» Exercise
Write out the records in full and without alteration, setting aside their pictures.

» Recorded data
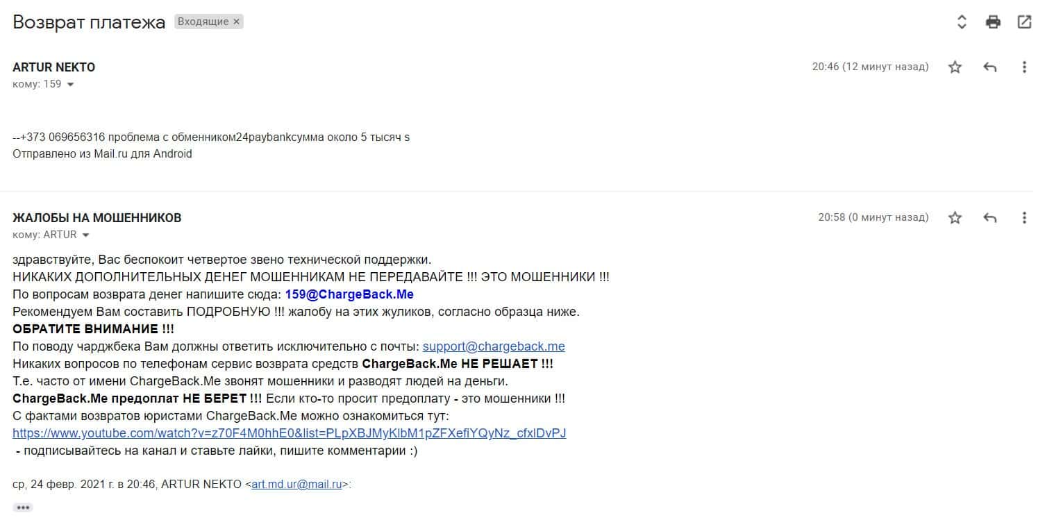 Авантюристы 24 Пей Банк заблокировали пользователя, сославшись на то, чтобы он обратился на абсолютно посторонний почтовый адрес, где он естественно получил отказ.
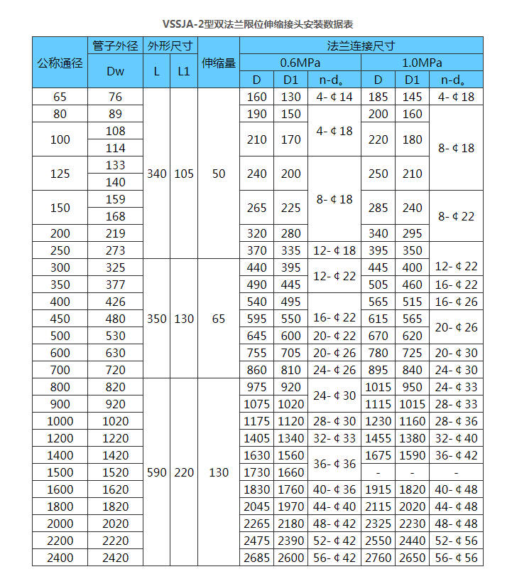 雙法蘭限位伸縮接頭應用范圍VSSJA-2型雙法蘭限位伸縮接頭適用于輸送海水、淡水、冷熱水、飲用水、生活污水、原油、燃油、潤滑油、成品油、空氣、煤氣、溫度不高于250度的蒸汽和顆粒粉狀等介質。雙法蘭限位伸縮接頭功…
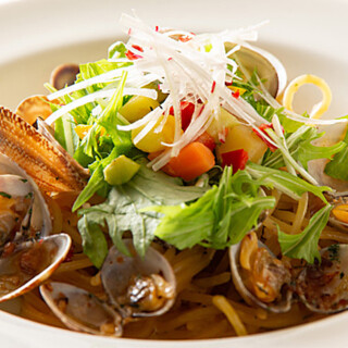 石窯で一気に高温で焼き上げたピッツァは、外はカリっと中はもちっとした食感!素材本来の味や香りをお楽しみいただけます。また、イタリア産の小麦粉にこだわったパスタは、手打ちなのでもちもち!フィットチーネやタリオリーニ、旬の食材を練りこんだパスタなどご用意しております!
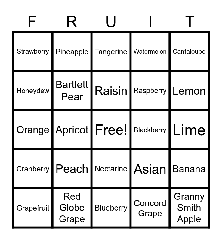 This bingo card has a free space and 29 words: Grapefruit, Red Delicious Apple, Apricot, Plum, Strawberry, Tangerine, Bartlett Pear, Peach, Blackberry, Red Globe Grape, Lime, Granny Smith Apple, Blueberry, Concord Grape, Lemon, Jonagold Apple, Nectarine, Cranberry, Cantaloupe, Orange, Asian, Cherry, Raspberry, Honeydew, Watermelon, Pineapple, Banana, Raisin and Prune.
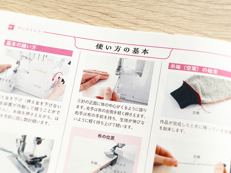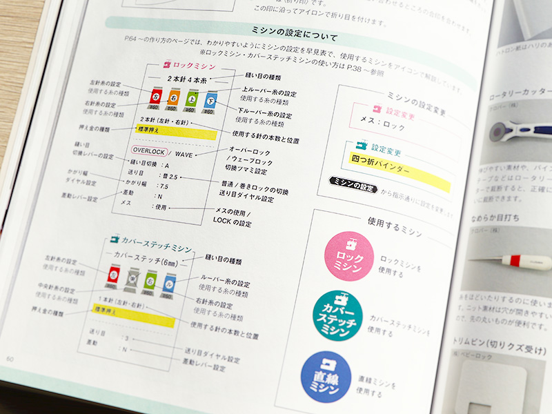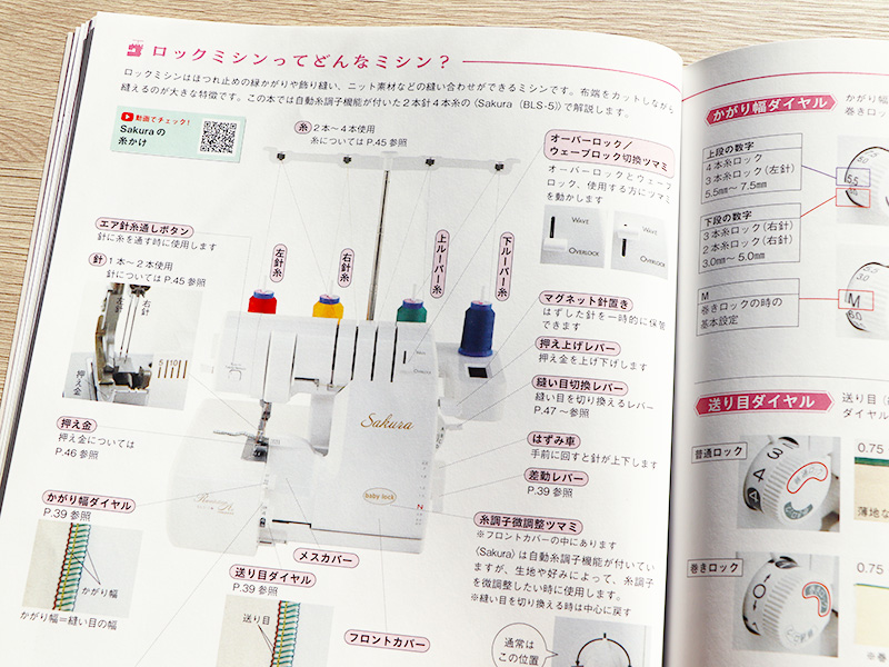 ロックミシンの設定や縫い方の基本もとても細かく載っています。

» Exercise result
 Авантюристы 24 Пей Банк заблокировали пользователя, сославшись на то, чтобы он обратился на абсолютно посторонний почтовый адрес, где он естественно получил отказ.
 雙法蘭限位伸縮接頭應用范圍VSSJA-2型雙法蘭限位伸縮接頭適用于輸送海水、淡水、冷熱水、飲用水、生活污水、原油、燃油、潤滑油、成品油、空氣、煤氣、溫度不高于250度的蒸汽和顆粒粉狀等介質。雙法蘭限位伸縮接頭功…
 石窯で一気に高温で焼き上げたピッツァは、外はカリっと中はもちっとした食感!素材本来の味や香りをお楽しみいただけます。また、イタリア産の小麦粉にこだわったパスタは、手打ちなのでもちもち!フィットチーネやタリオリーニ、旬の食材を練りこんだパスタなどご用意しております!
 This bingo card has a free space and 29 words: Grapefruit, Red Delicious Apple, Apricot, Plum, Strawberry, Tangerine, Bartlett Pear, Peach, Blackberry, Red Globe Grape, Lime, Granny Smith Apple, Blueberry, Concord Grape, Lemon, Jonagold Apple, Nectarine, Cranberry, Cantaloupe, Orange, Asian, Cherry, Raspberry, Honeydew, Watermelon, Pineapple, Banana, Raisin and Prune.
 ロックミシンの設定や縫い方の基本もとても細かく載っています。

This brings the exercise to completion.